Jeb Bush as Clark Griswold in National Lampoon’s Vacation

  • (originally played by Chevy Chase)

Bush’s painfully awkward campaign thus far has been the equivalent of Clark Griswold’s disastrous attempt to drive his family across the country to get to the Walley World theme park (the Griswolds get there eventually only to find that the park is closed).

In the film, the bumbling Clark does many foolish things, like accidentally drag a dog from the back of his car and not notice that his aunt Edna has died in the backseat. Recent gaffes by Bush, who is trailing far behind Cruz and Trump in the polls, include the Republican presidential candidate prompting an audience at New Hampshire campaign event to “please clap” and telling a college student who said he will be a first-time voter: “I want to be your first.”

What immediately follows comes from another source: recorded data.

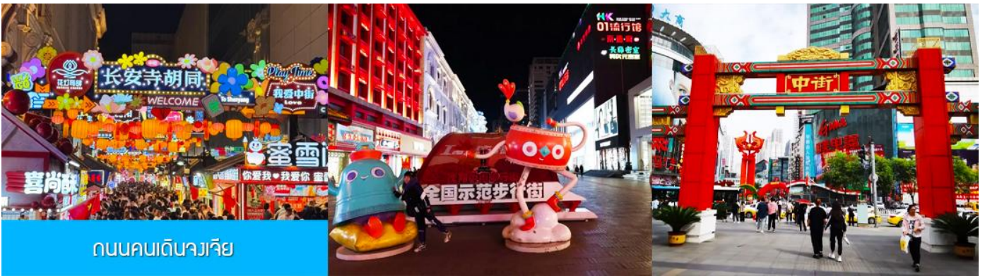
ถนนคนเดินวางเวีย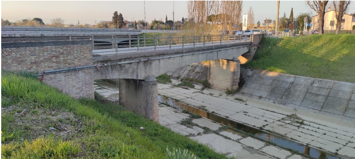
Figura 16 – Intervento 5 Allargamento di via Barattona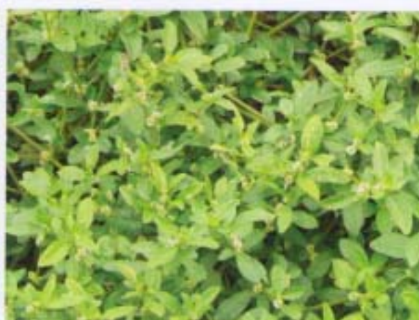
滿天星 蓮子草 Alternanthera sessilis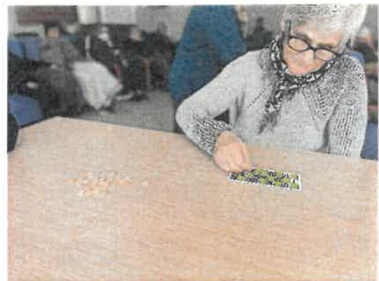
Dinâmica de grupo - Loto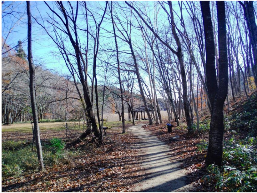
大沼公園駐車場から、森を抜け大沼を目指します。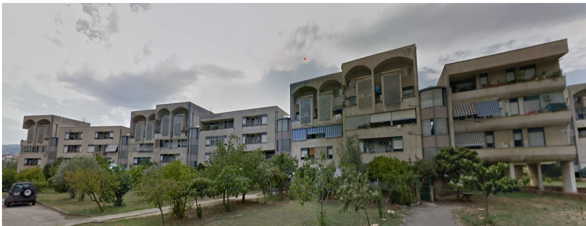
Figure 3 - Edifici oggetto di intervento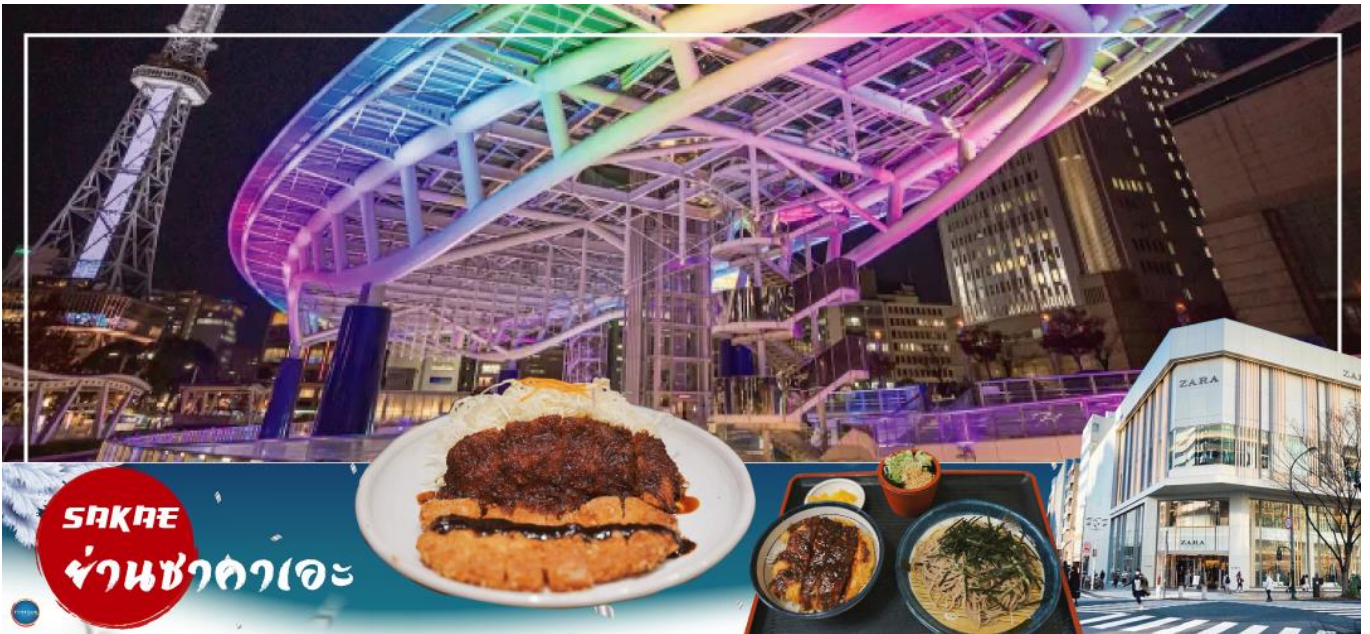
ค่า อีสระรับประทานอาหารค่ำตามอัธยาศัย

อีสระให้ท่านเดินเล่นช้อปปิ้ง ย่านซาคาเอะ (Sakae) เป็นย่านธุรกิจการค้า โดยเฉพาะแหล่งราตรี เช่น คลับและบาร์ มีห้างสรรพสินค้ามัตสึซากาเอะ หรือ เมืองใต้ดิน (Central Park) แหล่งรวมแฟชั่นและร้านค้าสุดเก๋มากมาย เช่น ร้านเสื้อผ้า, ร้านของใช้กระจุกกระจิก, ร้านชาลอนความงาม เป็นต้น แฟชั่นไฮโดลญี่ปุ่น ห้ามพลาด ต้องมาเยือนห้างสรรพสินค้าชั้นไนซ์ ซาคาเอะ ซึ่งเป็นจุดศูนย์กลางแหล่งรวมความบันเทิงมากมาย ที่มี Grand Canyon ฮอลล์จัดคอนเสิร์ตศิลปินไฮโดลและยังเป็นคาเฟ่ นอกจากนี้ที่นี่ยังเป็นสถานที่ตั้งของ "ชิงช้าสวรรค์ Sky Boat" แลนด์มาร์คของย่านนี้อีกด้วย อีสระเพลิดเพลินย่านนี้ตามอัธยาศัย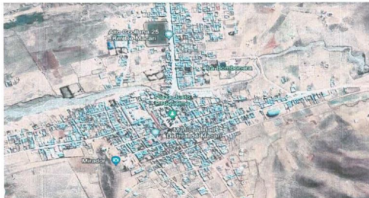
Elaboración de Equipo Técnico -2023

SUB GERENCIA DE INFRAESTRUCTURA DESARROLLO URBANO RURAL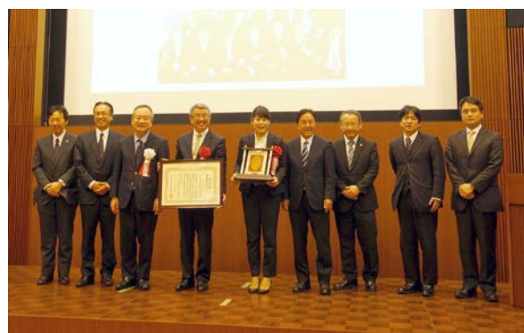
四国でいちばん大切にしたい会社大賞 四国経済産業局長賞(昨年度) ありがとうサービス 様(今治市)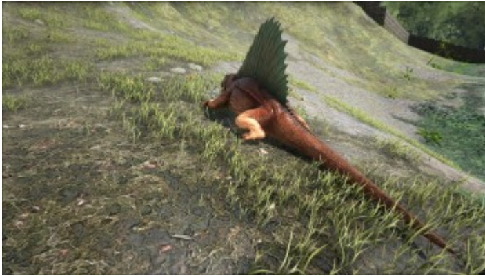
Ansicht von hinten

Marco Rubio as Lieutenant Pete ‘Maverick’ Mitchell in Top Gun

  • (originally played by Tom Cruise)

Rubio, a trained-and-true staunchly conservative politician, has doggedly pursued political office since the age of 24, and became Florida’s youngest and first Cuban American speaker of the house. No points for second place for Rubio, who is quite like the highly skilled, highly ambitious Maverick in Top Gun. Furthermore, Rick Santorum, who recently dropped his presidential bid, endorsed Rubio, making the former Pennsylvania senator the perfect Goose to Rubio’s Maverick.